SWEET ‘N’ SPICY CHICKEN LIVERS
“I’ve seen many variations of this genius Iraqi way of preparing chicken livers and decided to get in on the hype. They’re amazing! I’m making everyone try these and hopefully converting a few people who haven’t enjoyed chicken livers before.”
Serves 6
EASY
GREAT VALUE Preparation: 10 minutes Cooking: 15 minutes
vegetable oil 3T free-range chicken livers 750 g large onions 2, sliced garlic 2 cloves, chopped Woolworths steak-and-chops seasoning 4T paprika 2T smoked chilli flakes 1T ground coriander 1T ground cumin 1T pomegranate molasses 3T fresh coriander 30 g, chopped coriander pesto 3 T, for serving Greek yoghurt 3 T, for serving pomegranate rubies, for serving fresh basil, for serving flatbreads or rice, for serving
1 Heat the oil in a pan. Fry the chicken livers until browned and caramelised, but a little pink in the middle. Set aside.
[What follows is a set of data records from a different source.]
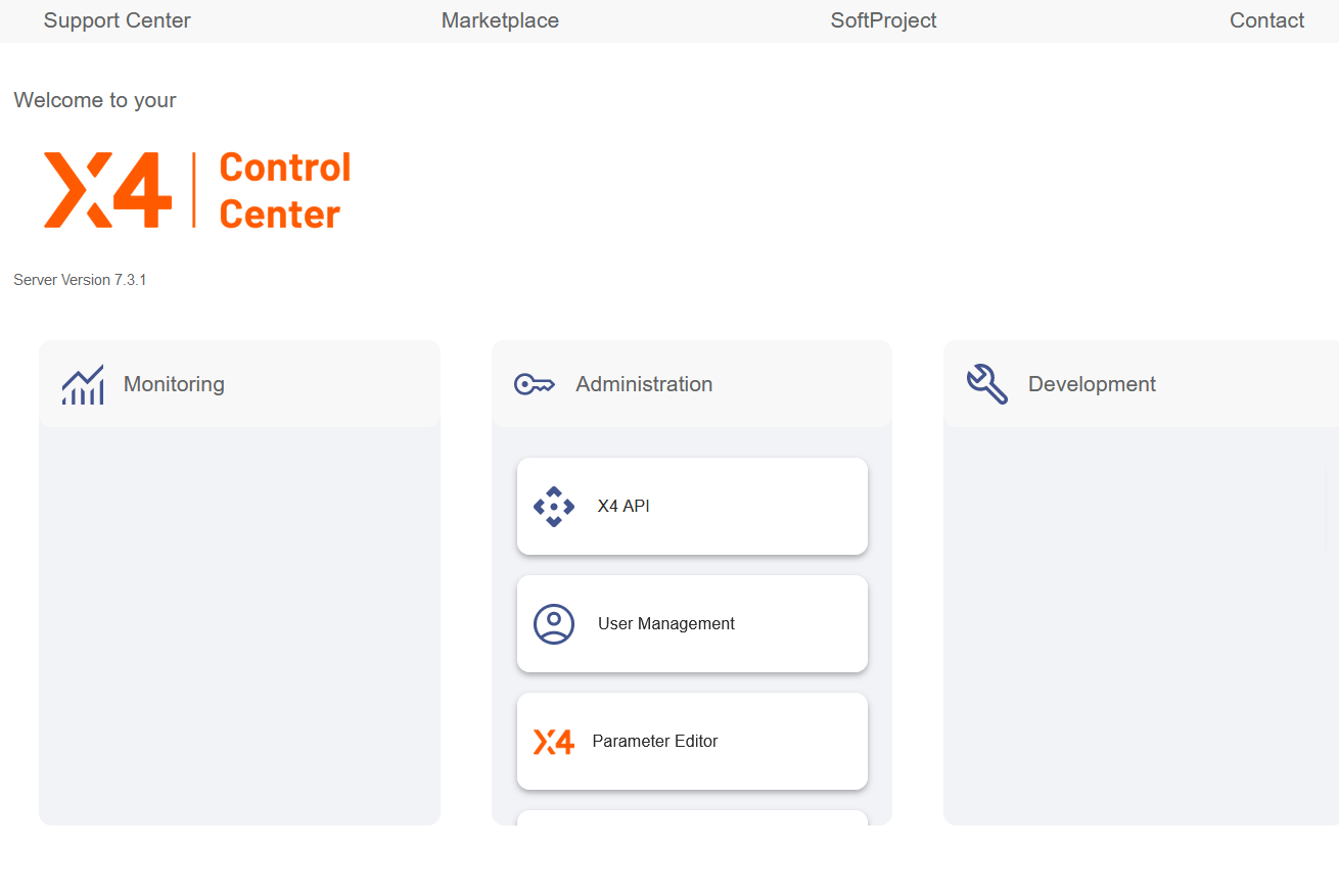Auf der Startseite des X4 Control Centers finden Sie jetzt einen direkten Link zum SoftProject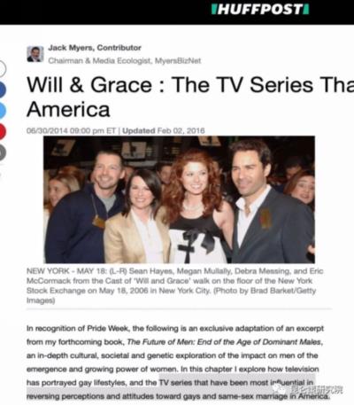 拜登进一步指出:热播美剧《威尔与格蕾丝》Will and Grace 在改变美国人对同性恋的态度上起到了至关重要的作用。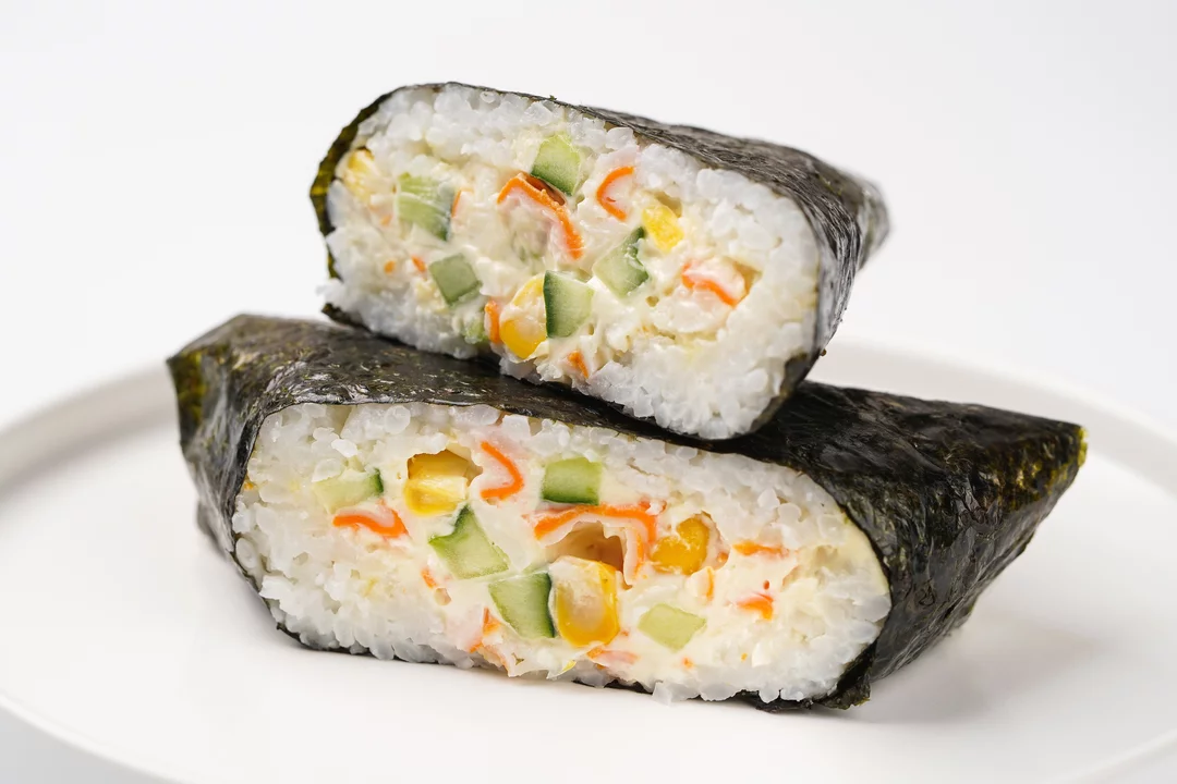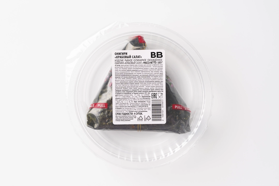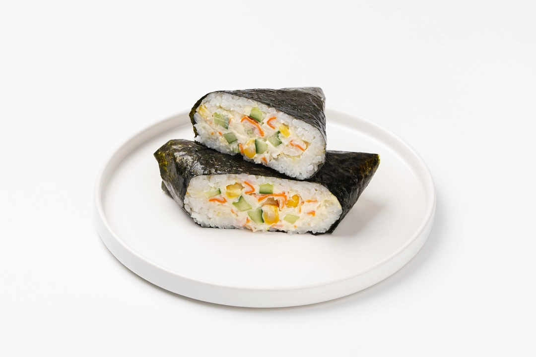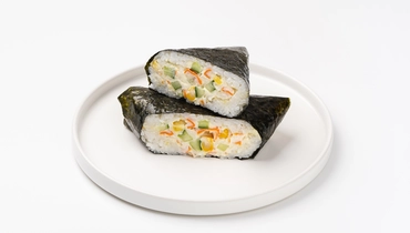 Любимый крабовый салат в новом формате. Микс из сурими, свежих огурцов и сладкой кукурузы завёрнут в рисовый треугольник и лист морских водорослей. В качестве заправки мы добавили творожный сыр и немного майонеза. Чтобы оболочка оставалась хрустящей, мы придумали специальную изолирующую упаковку. Просто потяните за ленточку до конца, а затем за уголки аккуратно снимите половинки пакета. Это удобный и сытный перекус для будней в офисе, долгих прогулок и путешествий.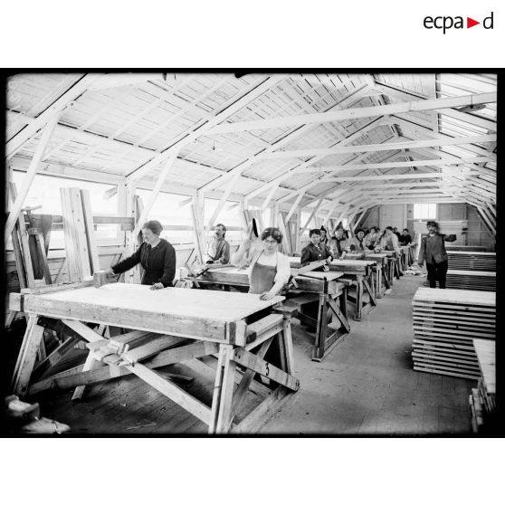 - la section de confection des baraquements Adrian (du nom de leur inventeur, intendant dans l'armée française) : l'atelier de menuiserie est tenu par des femmes ;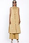 Featuring a gold tunic in premium cotton base with sunset print and slits. It is paired with matching slim pants.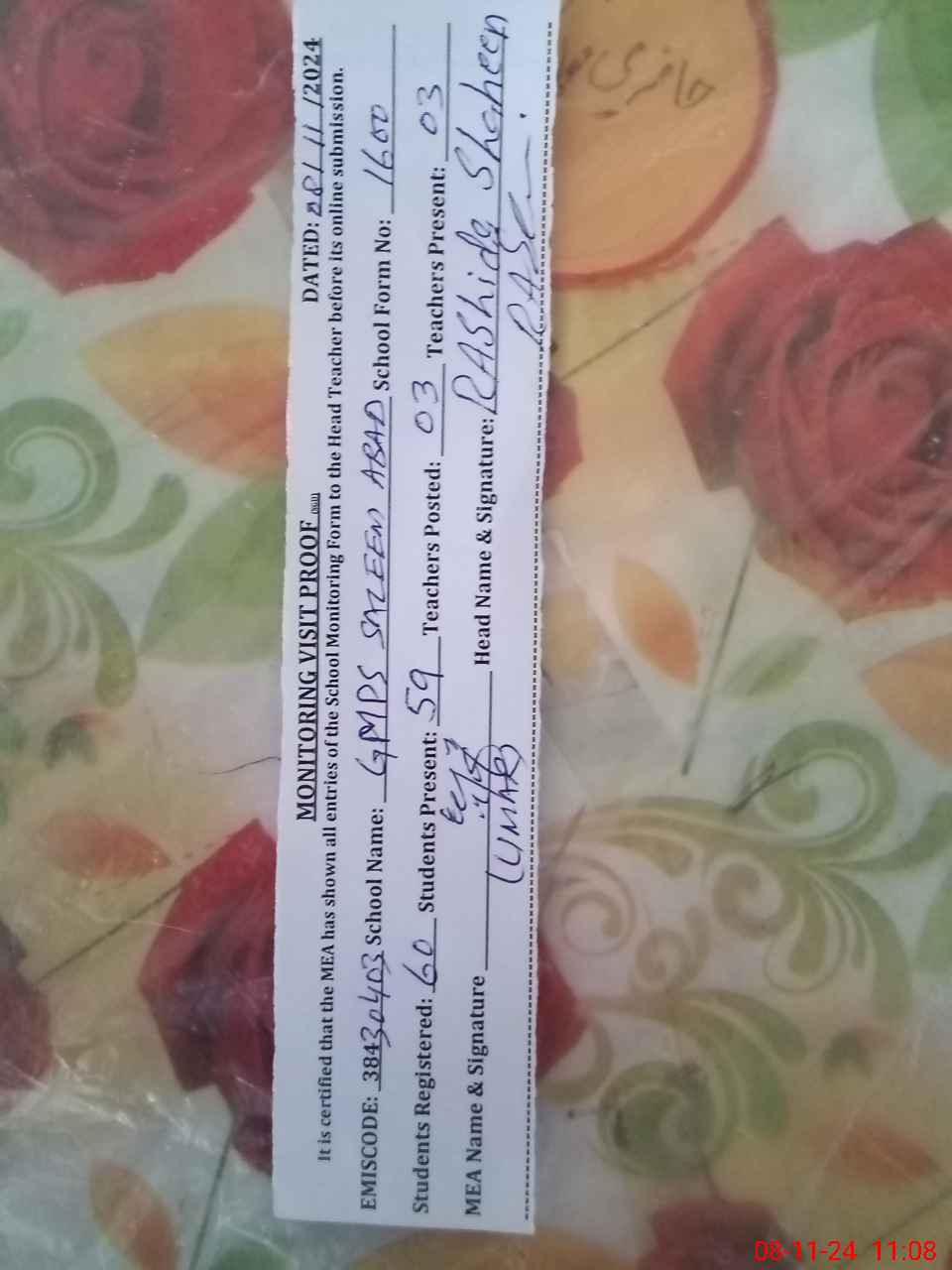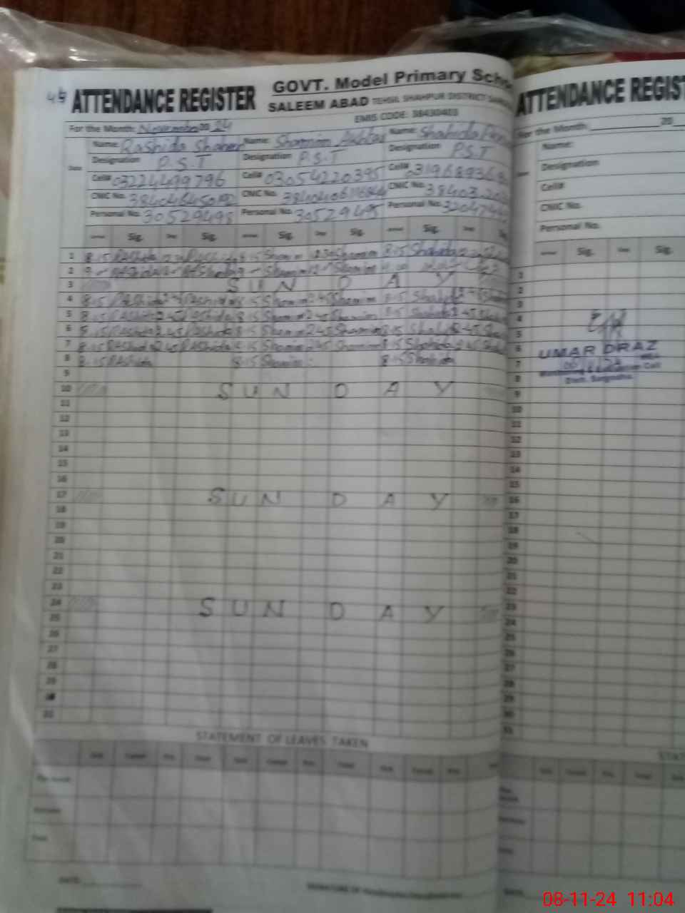 | Name: SH**** PA**** Designation: (School Headmaster's/Headmistress's) PST Phone/Cell Number: 03**** |

2 In the same pan, fry the onions, then add the garlic and steak-and-chops seasoning, paprika, chilli flakes, ground coriander and cumin. Fry for 5 minutes, or until the onions are soft, translucent and even a little charred. Gently stir in the seared chicken livers. Add the pomegranate molasses and coriander and stir once more. 3 Turn out onto a platter, then spoon over the Greek yoghurt and coriander pesto, and scatter with pomegranate rubies and fresh basil. Serve with flatbreads or rice.